Let’s say we have three changes in the queue, A, B and C (I promise I tried to think of more fun labels). A is at the head of the queue, with B and C behind it. We rebase A onto the trunk, B onto A and C onto B. So with C as our head, we run all of our tests.

If the tests pass, can merge everything at once and pat ourselves on the back for getting a 3x performance improvement! If they fail, we need to figure out which change caused the problem. Another test run or two is needed. We might test A in isolation, and batch B and C. If A is the problem, we can boot it, if it passes, we merge it.

This can be made a little more efficient by running tests in parallel. In fact, GitHub merge queues will test each subsequent group in a batch all at once. A, A+B, A+B+C, all running at the same time. A passes? Great, merge it.

What can go wrong?

If everything always passes, merge queues are great! Batches go through quickly, everyone is happy. But as soon as something fails, at least one change must be booted, and the whole queue has to be re-tested. If this keeps happening, the queue can be totally blocked, with nothing able to merge.

Know someone who’s using a merge queue? Ask them about flaky tests. They’ll probably have a horror story or two.

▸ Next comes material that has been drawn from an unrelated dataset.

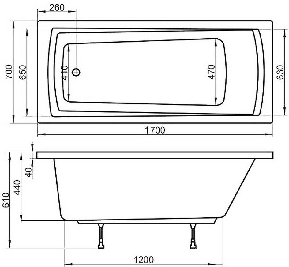 ванна акриловая Ravak Domino Plus 170x70 см (C632R00000) (размер: 170х70х44)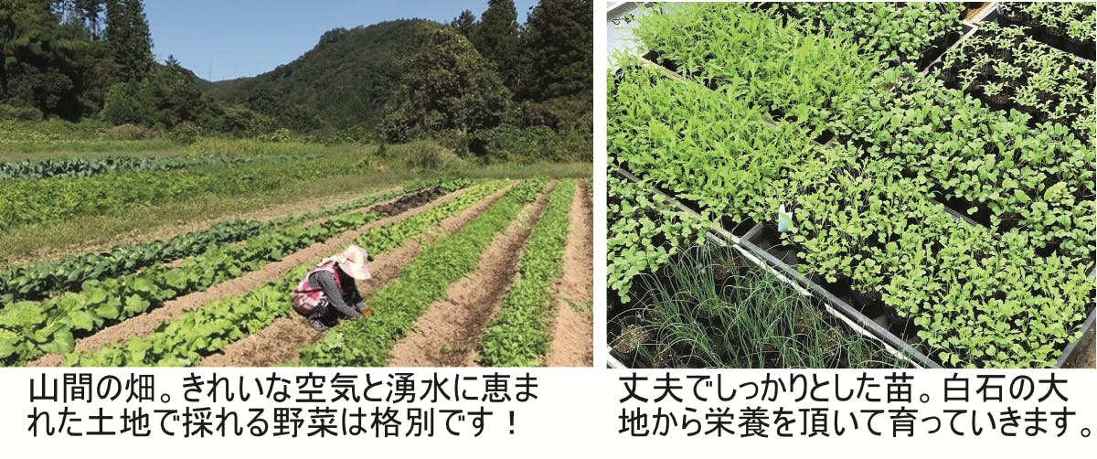 丈夫でしっかりした苗づくりと、できるだけ農薬を減らして子どもたちに安心して食べさせられる多品種の野菜作りをメインに、りんご、山野草を栽培しています。湧水が流れ、虫の声が響きあうこの場所で新鮮で彩り豊かな採りたての野菜を食べれることに日々感謝しています。

Even if everything always passes, you do still need to wait for tests. If you’re automatically running tests during the review process, this means every change has to wait at least 2x the average duration of your test process. Your tests need to be fast, or you’re going to be very limited in how many changes you can merge per day.

Planning your merge queue

The faster your merge queue, the better. At the end of the day, this means you want to run as few tests as possible, especially in the case of a failure.

When running tests against a change in review, you want to make sure every test runs, regardless of failures. This lets you see the big picture and make your fix comprehensive. In a merge queue, you want the opposite. Fail fast, get it out, move on.

When do you need a merge queue?

How do you decide if you need a merge queue? It comes down to the impact of those semantic merge conflicts.

If your code is split into many repos, then they could each have their own merge queue with minimal overhead. Merge queues be a useful protection measure that doesn’t really impact the flow of changes.

If you have a monorepo, it needs a little more consideration. If you have a monolithic build, deployment or test suite, then the impact of a conflict can be huge, so a merge queue would be well worth the effort.

If your monorepo contains a set of loosely coupled microservices, each with their own build, tests and deployment, then semantic conflicts are either less likely, or have less impact. A merge queue would only slow you down in this case. Any conflicts could be fixed in follow up changes by the affected team, and other teams probably wouldn’t even notice.

Maybe the biggest indicator that a merge queue would help you, is if not having one is already causing you significant pain.